I was profiling the power draw of my GPU when I noticed that after the first time a layer is sent to the GPU using to(device= cuda_device), the speed at which the layers are sent to the GPU decreases by three orders of magnitude:

import timeit
import torch
from torch import nn

cuda = torch.device('cuda')

#1 Layer
def test():
      nn.ConvTranspose2d(in_channels=10, out_channels=32, kernel_size=(4,4),stride=2, padding=0).to(device=cuda)

#2 Layer
def test2():
      nn.ConvTranspose2d(in_channels=32, out_channels=32, kernel_size=(6,6),stride=2, padding=0).to(device=cuda)

# First time layer #1 is sent to the gpu, the time is at 3.6 secs
>>> print(timeit.timeit(test, number=1))

# Second time the same (#1 Layer) layer is sent to the gpu, the time is at 0.0021 secs
>>> print(timeit.timeit(test, number=1))

# This time, a different layer (#2 Layer) with larger input channel and larger kernels is sent to the gpu, the time is at 0.0027 secs
>>> print(timeit.timeit(test2, number=1))

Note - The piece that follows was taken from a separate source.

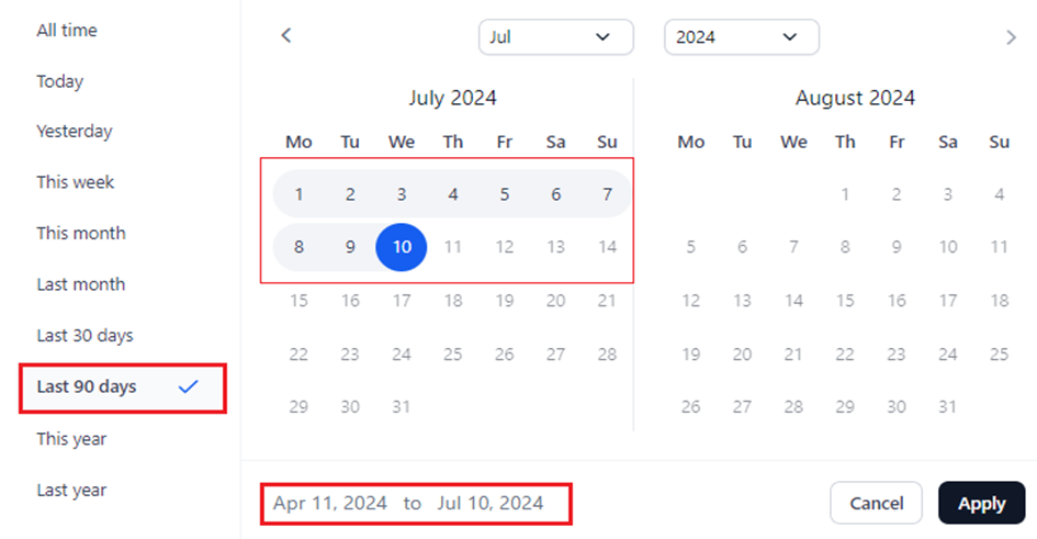 - Last 90 Days: Displays logs for the past 90 days from the current date.

#After restarting the python interpreter and re-import everything, the same layer takes 3 orders of magnitude longer to send
<Re-import all and define the test2 function>
>>>print(timeit.timeit(test2, number=1))

I have a feeling that this is clearly a front end cost for cuda initialization that pytorch establishes at the first to(gpu) call, but what exact reason behind this efficiency?

The first CUDA operation will create the CUDA context, which contains the the PyTorch kernels, cudnn, NCCL, CUDA libs etc., so it’ll take some time to load these libraries.

Also note, that CUDA operations are executed asynchronously, so if you want to profile the data transfer from host to device or any other CUDA op, you would have to synchronize the code before starting and stopping the timer via torch.cuda.synchronize().

1 Like

Thank you! That was extremely helpful